Merci pour ce joli commentaire.
Et que notre belle France revive !
Balbino Katz, Merci ! Cet article est extraordinaire de précision , vous êtes vraiment très bon ! Chapeau Monsieur! Sans avoir lu Plenel vous transcrivez exactement le ressenti que j’ai de cet infame personnage.
Balbino , BRAVO ! Un texte excellent qui place leurs prédentants à leurs places.
C.A.D. Cette gauche visqueuse qui se veut recouvrir d’une santé dont personne n’a besoin.
J’aime !…
Y te quiero Balbino !
Très bien écrit et très bien brossé, ce portrait d’un dinosaure du j URSS ique.
Plenel est l’amuseur des technocrates, et il ne cesse de dire ce que ceux-ci utilisent comme propagande, d’aimer ce qu’ils veulent et de vouer aux Gémonies ce qu’ils veulent détruire.
Pire, Plenel n’est qu’un écran de fumée, et ses incantations ne sont destinées qu’à capter l’attention en la détournant de ce qui importe.

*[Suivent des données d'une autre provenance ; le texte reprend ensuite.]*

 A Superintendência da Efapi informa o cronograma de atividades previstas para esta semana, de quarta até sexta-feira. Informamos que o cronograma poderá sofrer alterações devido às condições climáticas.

Ce qui importe c’est que nous ne savons même pas que les dictateurs technocratiques ont installé des réseaux de suppléance permettant le maintien de leur pouvoir en cas de défaillance locale de leur emprise « traditionnelle » (entendez par emprise traditionnelle celle qui est en place depuis 1940) comme le réseau « smart cities » lequel autorise (et avec le soutien de l’ONu s’il vous plaît) des villes de ce réseau à faire appel à leurs contreparties pour réinstaurer « l’ordre technocratique » en cas de « troubles incontrôlés » (contingents de « policiers » envoyés en urgence vêtus des uniformes de la ville à mater, ouvriers et matériels pour construire des camps de concentration en un temps record etc.) https://www.weforum.org/impact/smart-cities-governance-alliance/ . Ces méthodes ont été employées avec succès dans bien des endroits en 2020 – 2021 mais l’ampleur du sursaut a empêché son usage en Europe.

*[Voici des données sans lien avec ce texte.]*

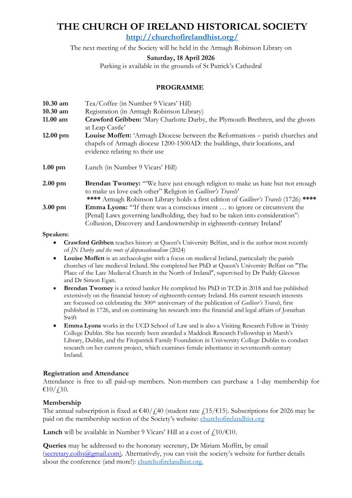 All members of the public are welcome to join the Church of Ireland Historical Society. For further details, please visit our Membership page.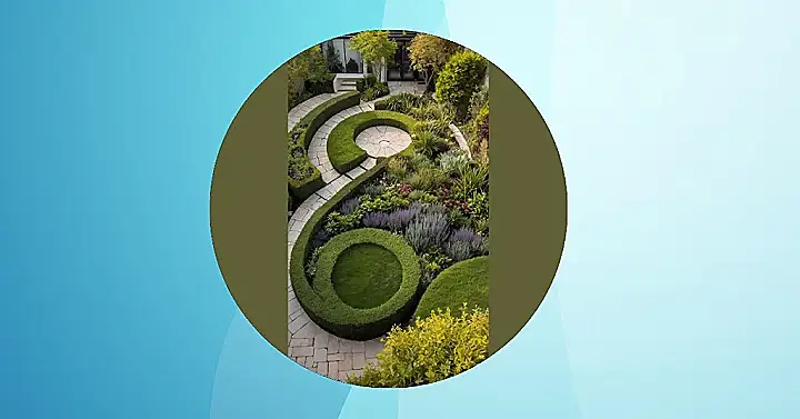 Picture this: those wavy green hedges could totally be rosemary or thyme, ready for your next culinary experiment, adding a fresh scent and flavor. And those vibrant purple flowers? Hello, lavender for some fancy lemonade or even homemade ice cream! We could turn that circular patch into a mini pizza garden with tomatoes, basil, and oregano, all perfectly contained within its stylish edges. It’s like having your cake (or, well, your organic kale) and eating it too, all while still impressing the neighbors with your super chic, snackable landscape. Who needs boring old bushes when you can have a garden that’s both a feast for the eyes and a buffet for your belly?

Aussi le G20 a-t-il lancé une initiative de relance de ces réseaux de secours: https://www.consilium.europa.eu/media/60201/2022-11-16-g20-declaration-data.pdf
Les articles 1 à 18 de cette déclaration de novembre 2022 décrivent un état lamentable du monde (dont les auteurs se gardent de dire qu’ils en ont pris la charge depuis 80 ans) et instillent la peur en ce qui concerne les perspectives d’avenir selon eux impliquées par cet état décrit, les articles 19 à 23 sont des articles de police mondiale sur base de prétendue crise sanitaire, l’article 23 articule cet ensemble d’articles avec les articles 23 à 28 qui sont les articles programmant l’identité numérique de tous et la mise en place d’une police de la pensée et de la propagande à ce sujet, les articles 29 à 35 mettent en place le levier financier de la coercition et de « l’incitation » aux articles précédents, les articles 36 à 38 renforcent le carcan autour du commerce, l’article 39 rajoute l’aspect « gestion des ressources humaines » aux avantages de l’identité numérique, l’article 40 impose la migration comme suite logique de l’article précédent, les article 41 et 42 lient les points ci-dessus à la réussite de l’agenda 2030, les articles suivants reprennent les incantations servant de justification au libéralisme mondialisateur et à ses outils de police.
Précisément les mêmes principes incantatoires que ceux de Plénel mais sur un autre registre, celui des arguments opposables dans les arènes diplomatiques et judiciaires.